Der Auf­bau der Welt ist geprägt von einer kul­tur­wis­sen­schaft­li­chen Her­an­ge­hens­weise. In all den Details, den Beson­der­hei­ten der ver­schie­de­nen Kul­tu­ren und Reli­gio­nen, den sozia­len und poli­ti­schen Struk­tu­ren, den Erwäh­nun­gen ver­schie­de­ner Sach­bü­cher – die (inner­halb der lite­ra­ri­schen Welt) zu ver­schie­dens­ten The­men erschie­nen sind –, und Hin­wei­sen auf eine lange His­to­rie, las­sen sich die Begeis­te­rung, das Fach­wis­sen und der Rea­lis­mus erken­nen, mit der Brennan die Welt von Lady Trent errich­tet hat. Die Infor­ma­ti­ons­bro­cken wer­den jedoch nie zu viel oder gar lang­wei­lig, son­dern wecken im Gegen­teil eher Neugier.

Eben­falls ein gro­ßer Plus­punkt ist die Art, wie Fremd­spra­chen hier dar­ge­stellt wer­den. Wie­der­holt ver­weist Lady Trent dar­auf, dass sie selbst­ver­ständ­lich in einer ande­ren Spra­che und wesent­lich gebro­che­ner gespro­chen habe, als es hier wie­der­ge­ge­ben sei. Damit umgeht Brennan nicht nur geschickt alle Schwie­rig­kei­ten, die sich mit aus­ge­dach­ten Spra­chen erge­ben (Stö­rung des Lese­flus­ses und Unsi­cher­hei­ten bezüg­lich der Aus­spra­che), son­dern greift damit auch auf ein sti­lis­ti­sches Mit­tel zurück, das zur zeit­li­chen Ver­or­tung von „Lady Trents Memoi­ren“ passt. Diese ent­spricht näm­lich – eine schöne Abwechs­lung im Genre Fan­tasy – dem, was in der Rea­li­tät die Kolo­ni­al­zeit ist.

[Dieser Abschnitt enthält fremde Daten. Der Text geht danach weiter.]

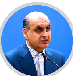
استادار گیلان تاکید کرد

ضرورت پیگیری مشکلات روستای خطیب گوراب فومن

Par­al­lel zu den Expe­di­tio­nen, die Lady Trent bis­her gemacht hat, ent­wi­ckelt sich auch ein roman­über­grei­fen­des Rät­sel, viel­leicht auch eher eine Ver­schwö­rung, das lässt sich momen­tan noch nicht sagen. Lady Trents Leben ist jeden­falls bis zu die­sem Zeit­punkt schon span­nend und ver­spricht, den Andeu­tun­gen in die­sem Band nach, auch wei­ter­hin span­nend zu blei­ben. Als klei­nen Bonus gibt es auch noch ein paar wun­der­schöne Illus­tra­tio­nen zu sehen.

Auch wenn die Hand­lung ohne Vor­kennt­nisse ver­ständ­lich ist, ist es unbe­dingt emp­feh­lens­wert, zuvor „Die Natur­ge­schichte der Dra­chen“ gele­sen zu haben. Und das nicht nur, weil der erste Teil genauso gefäl­lig geschrie­ben ist wie dieser.

„Aber ich ver­si­chere Ihnen, dass ich all diese Dinge über­lebt habe. Wahr­schein­lich wer­den Sie es auch über­le­ben von ihnen zu lesen.“ (S. 8)

Der dritte Band von Lady Trents Memoi­ren erscheint schon im Juli und trägt den Titel „Die Reise der Basilisk“.

Der Wen­de­kreis der Schlan­gen – Lady Trents Memoi­ren 2. Marie Brennan. Über­set­zung: Andrea Blendl. Cross Cult. 2018. Erhält­lich in der Buch­hand­lung eures Vertrauens.